Пусть это Вас не огорчает, а главное, не примите это за “свободомыслие”. Если бы Вы поговорили со мной в течение пяти минут, мне не пришлось бы Вас просить об этом.

Кончаю мое письмо самым нежным, самым искренним приветом, пожеланием здоровья Вашей жене и Вам. Напишите мне о Вашей семье: сколько у Вас детей, какие они, сколько им лет?

Всего лучшего.

Марина Эфрон,

урожд<енная> Цветаева».

Розанов, правда, гораздо теснее общался с младшей сестрой Марины Ивановны Анастасией, но что касается «Уединенного», то возможно, один из секретов этой, «почти на праве рукописи» изданной книги заключался в том, что ее автор не делал никакой тайны не только из своей жизни, но и из жизни своих близких и не очень знакомых людей.

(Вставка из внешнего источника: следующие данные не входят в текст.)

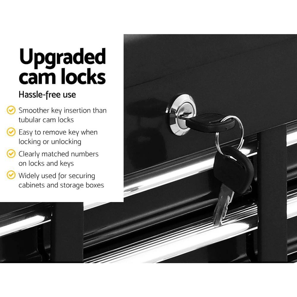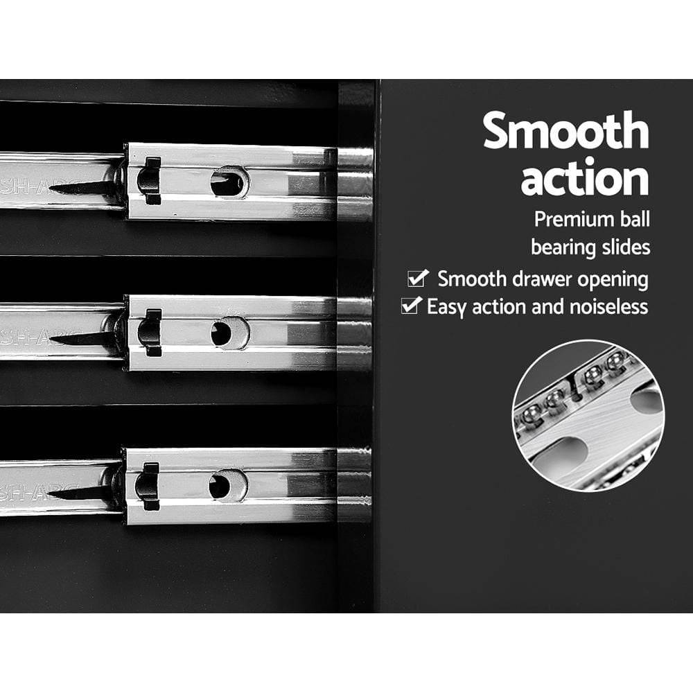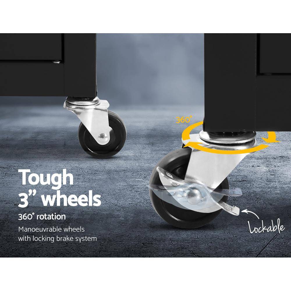 Made from high tensile powder-coated steel, the Giantz Tool Chest and Trolley is built to keep your precious tools in their proper place with drawers that are specifically designed to cater to various tool sizes.

Они все превращались в листочки на его магическом древе, и не всем это пришлось по нраву.

Так, один из героев-читателей был очень недоволен следующим «листком»: «Одна умная матушка (А. А. А-ова) сказала раз: “Перелом теперь в духовенстве все больше сказывается в том, какое множество молодых страдает бесплодием”. Она недоговорила ту мысль, которую через год я услышал от нее: именно, что “не жены священников не зачинают; а их мужья не имеют сил зачать в них”. Поразительно».

Розанов настолько прозрачно зашифровал фамилию «умной матушки», что ее возмущенный муж, участник Религиозно-философских собраний почтенный протоиерей Иоанн Альбов отчитал автора: «Стыдно Вам – старому человеку – свои бесстыдные и нескромные бредни говорить от имени скромной женщины, которая к Вам так хорошо относилась. Что Вам далась наша бездетность?! Ведь по-Вашему – это несчастие! А над несчастием не глумится, особенно в печати, ни один мало-мальски порядочный человек. Это все равно что в печати назвать Вашу незаконную жену по-народному и по-народному же Ваше сожительство с нею. Кажется, уж моя жена по-хорошему относилась к обоим Вам. Но Вы ее все-таки запачкали. Стыдно, стыдно и грешно!!!»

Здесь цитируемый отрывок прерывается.